12. Innovative financing brings clean energy to more people. 
In DC, the first ever property-assessed clean energy (PACE) project allows investments in efficiency and renewables to be repaid through a special tax levied on the property, which lowers the risk for owners. Crowd funding for clean energy projects made major strides while Solar Mosaic is pioneering crowd funding to pool community investments in solar in the United States. California allows customers who aren’t property owners or who don’t have a suitable roof— that’s three quarters of the population— to nonetheless purchase up to 100 percent clean energy for their home or business. Minnesota has advanced its community solar gardens program,. And Washington, DC finally voted to bring in virtual net metering, thereby allowing people to buy a share in  a larger solar or wind project, and then have their portion of the electricity sold or credited back to the grid on their behalf, thereby reducing their energy bills.

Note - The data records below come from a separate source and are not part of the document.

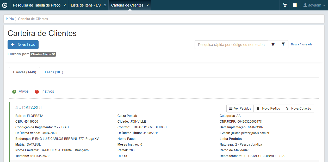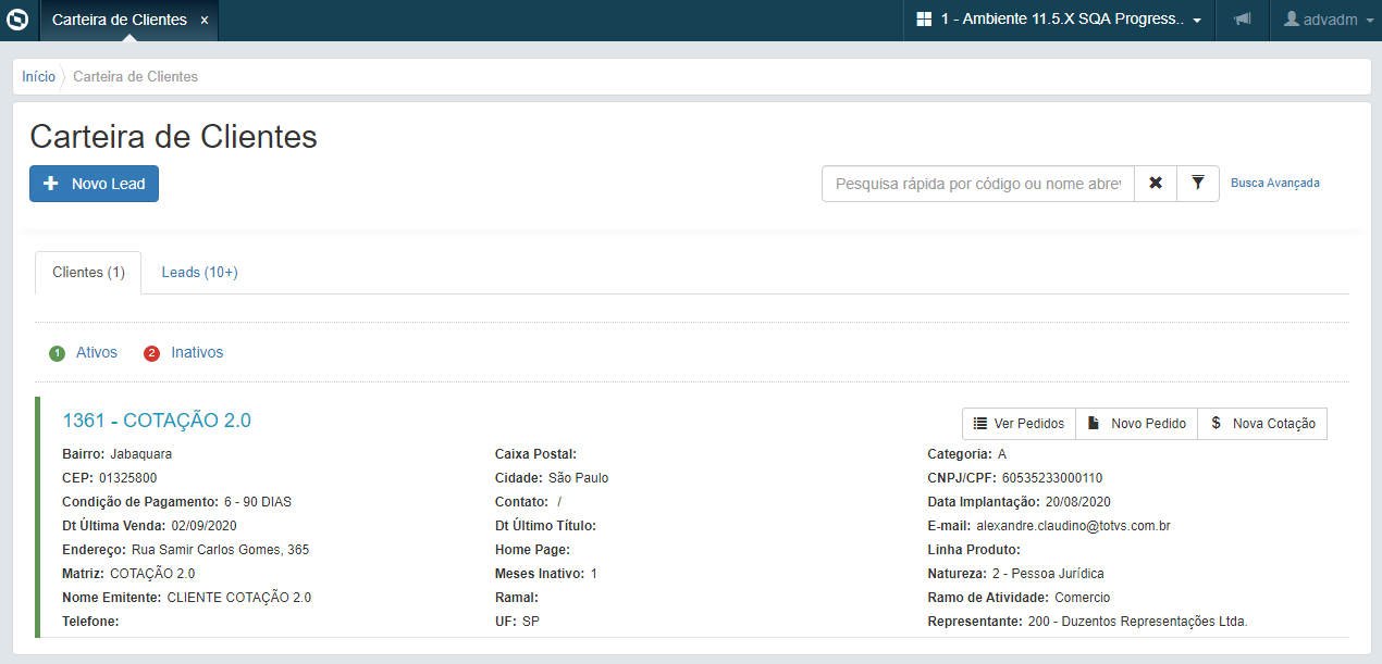 Se ha habilitado la lista de Leads del Representante en la pantalla de Cartera de Clientes en el Portal. Igualmente, en la cartera de clientes del portal, ahora es posible incluir pedidos en etapa de cotización para un Lead.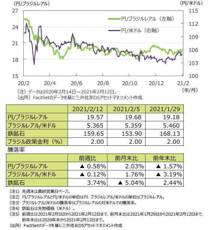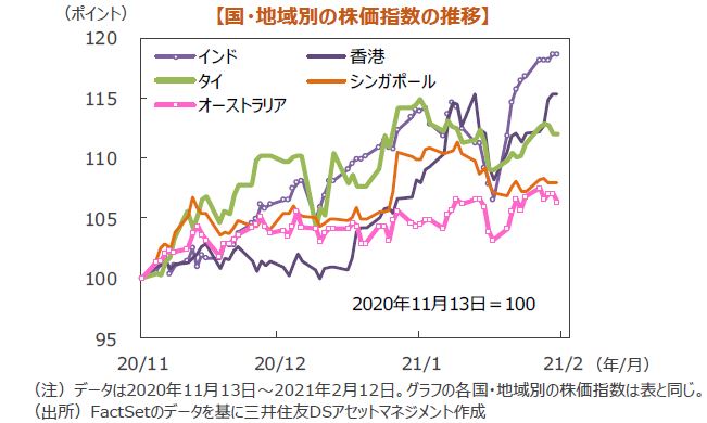 主要株式市場は米国での追加経済対策期待などを背景に概ね上昇しました。米国株式市場は決算発表が総じて良好な結果となったことや追加経済対策への期待に加えて、パウエル連邦準備理事会(FRB)議長が緩和的金融政策の長期化を示唆したことなどを好感して主要3指数がそろって最高値を更新して終了しました。NYダウは週間では1.00%上昇しました。日本株式市場は、企業決算に良好なものが多く、結果を好感して上昇する銘柄が相次いだことや、米国株の堅調も追い風になり、日経平均株価は29,000円を上回って終了しました。週間では日経平均株価は2.57%上昇しました。欧州株式市場は、FTSE100指数は商品市況の上昇を背景に資源株が上昇したことなどから1.55%上昇しました。DAX指数はほぼ横ばいとなりました。中国株式市場は、米国での追加経済対策期待や1月の中国の金融統計で、1月末時点の人民元建て融資残高が大幅に増加したことなどを受け、上海総合指数は4.54%、香港ハンセン指数は3.02%上昇しました。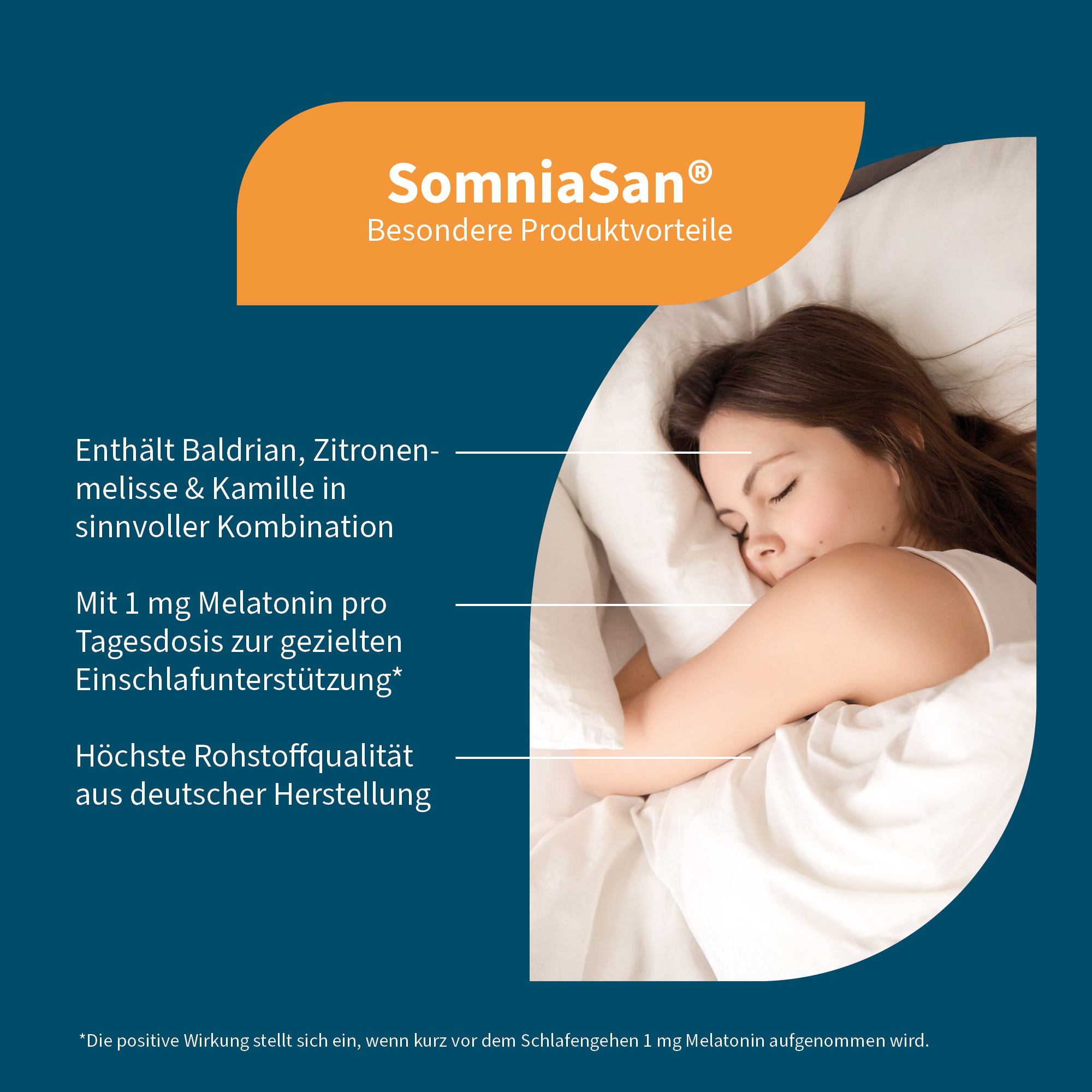 L-Theanin ist eine besondere Aminosäure aus den Blättern des grünen Tees. Sie ist für ihre enge Verbindung zur Teepflanze bekannt und rundet die pflanzliche Zusammensetzung von SomniaSan® ab. Melatonin dagegen ist ein körpereigenes Hormon, das den Tag-Nacht-Rhythmus unterstützt. Eine tägliche Einnahme von 1 mg Melatonin vor dem Schlafengehen kann helfen, die Einschlafzeit zu verkürzen*. Besonders auf Reisen ist es auch hilfreich, um Jetlag-Empfindungen auszugleichen**.

Missed part one of this report?? Check it out Here

Edited version of a report first published on AlterNet

Thursday, 26 December 2013

Clean Energy Breakthroughs.Review of 2013 Part one

12 Major Clean Energy Breakthroughs of 2013


While the news about climate change seems to get worse every day, the rapidly improving technology, allied with it's declining costs, and increased accessibility has made 2013 a breakthrough year for clean energy. In the first part of our report we analyse 6 of the 12 key breakthroughs during 2013 which shows the most promise in the march toward a zero-carbon future.
1. Using salt to keep producing solar power even when the sun goes down. Helped along by the Department of Energy’s loan program, Solana’s massive 280 megawatt (MW)  solar plant came on strem in Arizona this October, The plant will use a ‘salt battery’ that  allows it to keep generating electricity even when the sun doesn't shine. Not only is this a first for the United States,but the Solana plant is also the largest in the world to use parabolic trough mirrors to concentrate solar energy.
2. Electric vehicle batteries that can also power buildings. Nissan’s groundbreaking ‘Vehicle-To-Building‘ technology will enable companies to regulate their electricity needs by tapping into EVs plugged into their garages during times of peak demand. Then, when demand is low, electricity flows back to the vehicles, ensuring they’re charged for the drive home. With Nissan’s system, up to six electric vehicles can be plugged into a building at one time. As more forms of renewable energy are added to the grid, storage solutions like this will help them all work together to provide reliable power.
3. The next generation of wind turbines promises to revolutionize wind energy. This May saw the arrival  of GE’s brilliant line of wind turbines, which bring two technologies to the turbines to address storage as well as intermittency concerns. An “industrial internet” communicates with grid operators, to predict wind availability and power needs, and to optimally position the turbine. Grid-scale batteries built into the turbines store power when the wind is blowing but the electricity isn’t needed — then feeds it into the grid as demand increases, smoothing out fluctuations in electricity supply. It’s a more efficient solution to demand peaks than fossil fuel plants, making it attractive even from a purely business aspect. Over 60 of the turbines are already planned for Michigan,and Texas.
4. Solar electricity now as cheap as coal. In 1977,a single solar cell cost $76.67 per watt . Bloomberg Energy Finance  forecast the price would reach $0.74 per watt in 2013 but as of the first quarter of this year, they were actually selling  for $0.64 per watt .Immensely cutting down solar’s installation costs — and since the sunlight is free, lower installation costs mean lower electricity prices. And in 2013, they hit grid parity with coal: earlier this year a southwestern utility,  agreed to purchase electricity from a New Mexico solar project for less than the going rate for a new coal plant.  Unsubsidized solar power also reached grid parity in countries such as Italy and India. Solar installations are certainly across the globe. 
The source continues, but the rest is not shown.